- Task description: In the material below, the lines between the one holding "Blusa feita em" and the one holding "Bakı Ali Neft", inclusive, are to be set down word for word. Pictures stay out.

----- Source material

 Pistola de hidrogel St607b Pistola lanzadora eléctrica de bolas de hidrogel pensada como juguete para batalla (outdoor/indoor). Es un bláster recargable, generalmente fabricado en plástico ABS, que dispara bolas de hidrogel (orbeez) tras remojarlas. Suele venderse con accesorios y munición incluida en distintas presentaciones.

----------
----- Source material

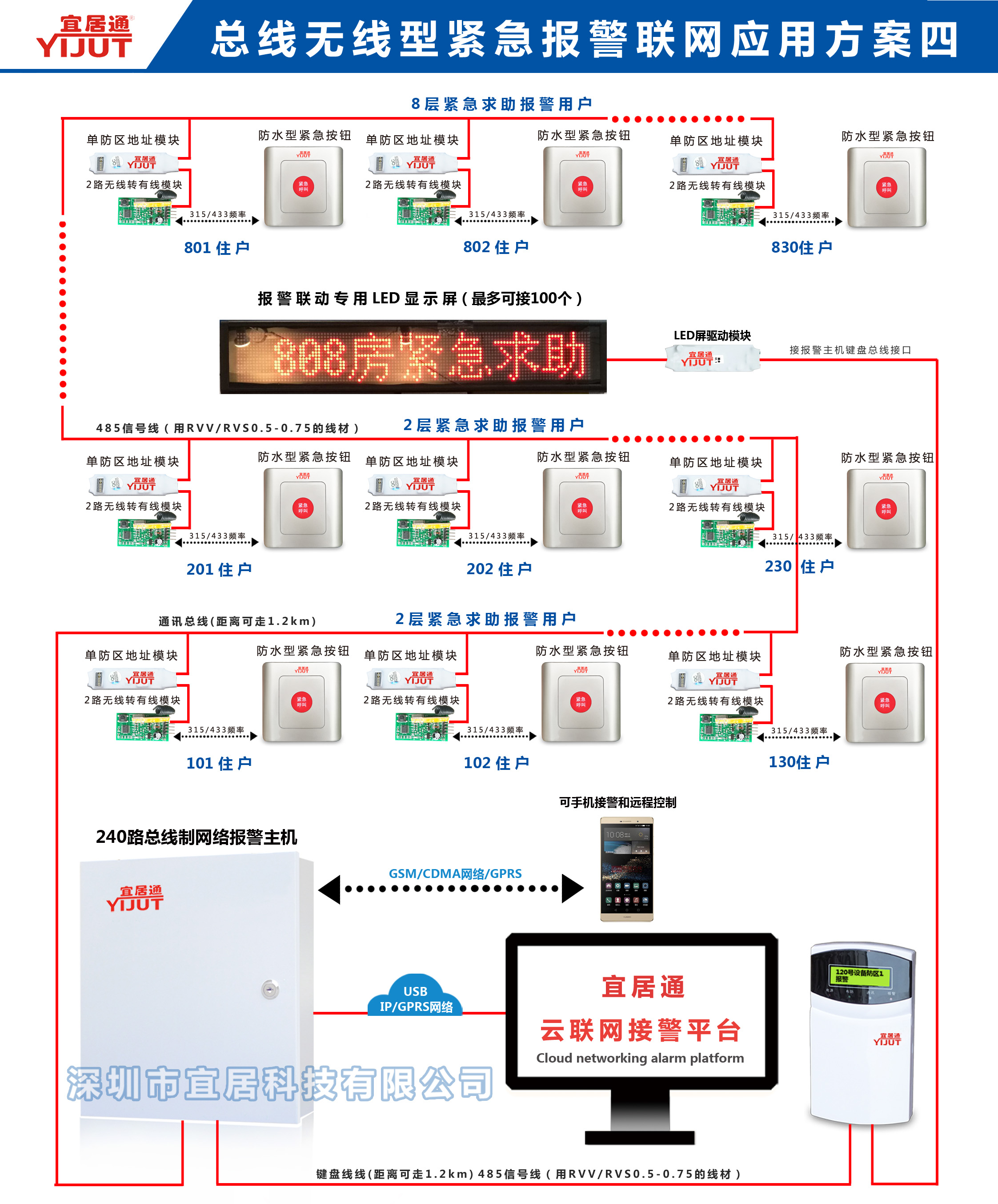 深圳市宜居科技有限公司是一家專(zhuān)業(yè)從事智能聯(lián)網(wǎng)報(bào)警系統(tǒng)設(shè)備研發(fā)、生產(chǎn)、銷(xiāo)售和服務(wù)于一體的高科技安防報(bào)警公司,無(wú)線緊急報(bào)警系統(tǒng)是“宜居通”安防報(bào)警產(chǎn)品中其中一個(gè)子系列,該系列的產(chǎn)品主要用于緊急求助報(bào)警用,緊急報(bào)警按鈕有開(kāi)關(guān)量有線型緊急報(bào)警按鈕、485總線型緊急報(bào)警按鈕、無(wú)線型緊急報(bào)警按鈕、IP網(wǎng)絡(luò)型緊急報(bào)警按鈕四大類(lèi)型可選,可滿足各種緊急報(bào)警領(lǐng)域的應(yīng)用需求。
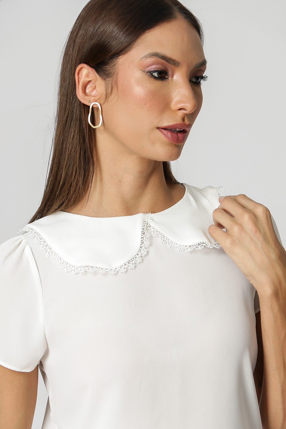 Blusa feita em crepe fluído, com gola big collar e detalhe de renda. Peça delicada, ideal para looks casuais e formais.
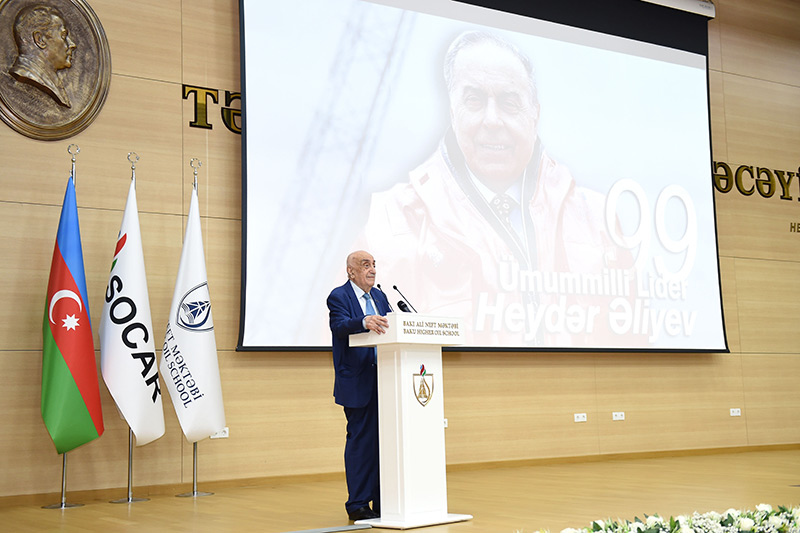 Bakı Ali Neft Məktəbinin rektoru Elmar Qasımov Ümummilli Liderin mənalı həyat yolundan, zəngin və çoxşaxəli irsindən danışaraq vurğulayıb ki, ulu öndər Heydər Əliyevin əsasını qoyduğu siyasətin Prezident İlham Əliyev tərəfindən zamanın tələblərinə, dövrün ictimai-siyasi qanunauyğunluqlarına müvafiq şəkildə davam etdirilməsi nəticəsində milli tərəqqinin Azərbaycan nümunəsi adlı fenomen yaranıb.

----------

- Result of this task:
 Blusa feita em crepe fluído, com gola big collar e detalhe de renda. Peça delicada, ideal para looks casuais e formais.
 Bakı Ali Neft Məktəbinin rektoru Elmar Qasımov Ümummilli Liderin mənalı həyat yolundan, zəngin və çoxşaxəli irsindən danışaraq vurğulayıb ki, ulu öndər Heydər Əliyevin əsasını qoyduğu siyasətin Prezident İlham Əliyev tərəfindən zamanın tələblərinə, dövrün ictimai-siyasi qanunauyğunluqlarına müvafiq şəkildə davam etdirilməsi nəticəsində milli tərəqqinin Azərbaycan nümunəsi adlı fenomen yaranıb.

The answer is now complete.